My use case is: as files are created or modified in an Amazon S3 bucket, I want to move them to a MapR Stream as soon as possible. Ideally I'd like to include the S3 keypath, so a consumer of the stream could be idempotent with respect to each keypath.
Apache Streamsets has an s3 Origin, but I have found it to be unreliable. In my tests it has stopped reading files, or delivered files late, without logging anything. Also, in Streamsets, errors that happen at the s3 Origin stage don't get sent to the pipeline's error record destination.
Another problem with Streamsets - the above test was done reading the s3 files in "Lexigraphically Ascending Key Names" order. This could miss data if a file with an "lower" key name was retroactively updated. Streamsets has a mode to read the files in LastModified order, but the performance is bad - for a large bucket, it only read 8000 files in 5 days.

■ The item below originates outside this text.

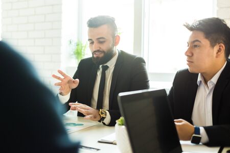 Young businessman in suit examining contract and discussing it with his partner at table at meeting
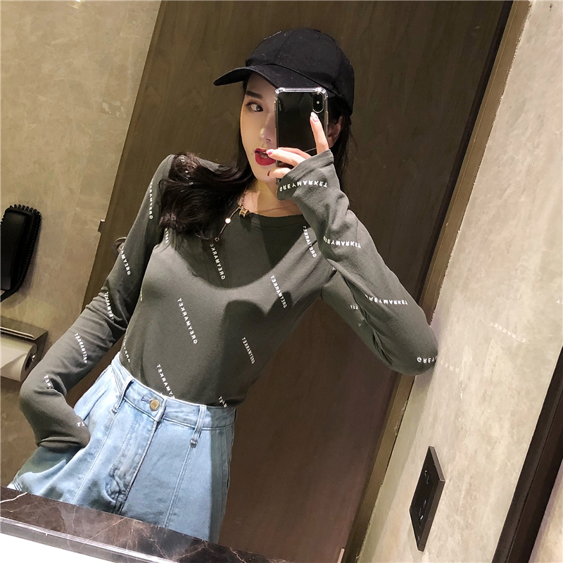chic早秋上衣女新款韓版T恤時尚字母印花高彈修身顯瘦長袖打底衫

I was looking at this MapR blog post: Data Systems that Integrate with MapR-ES via Kafka Connect, which lists that S3 among the data systems supported via Kafka Connect via MapR. The article suggests to search on GitHub, and this is what I found:
kafka-connect-s3 by Spredfast - An open source project which purports to support this use case but unfortunately requires Kafka 0.10+, and MapR 5.2 is based on Kafka 0.9.0.0
kafka-connect-storage-cloud by Confluent - Appears to only support Kafka -> S3, not the other way around.
Has anyone encountered this use case and found a solution? Or more generally, is anyone aware of tools which efficiently poll s3 for recently updated files? Judging by this Github Issue it is not a use case that is well-supported by S3.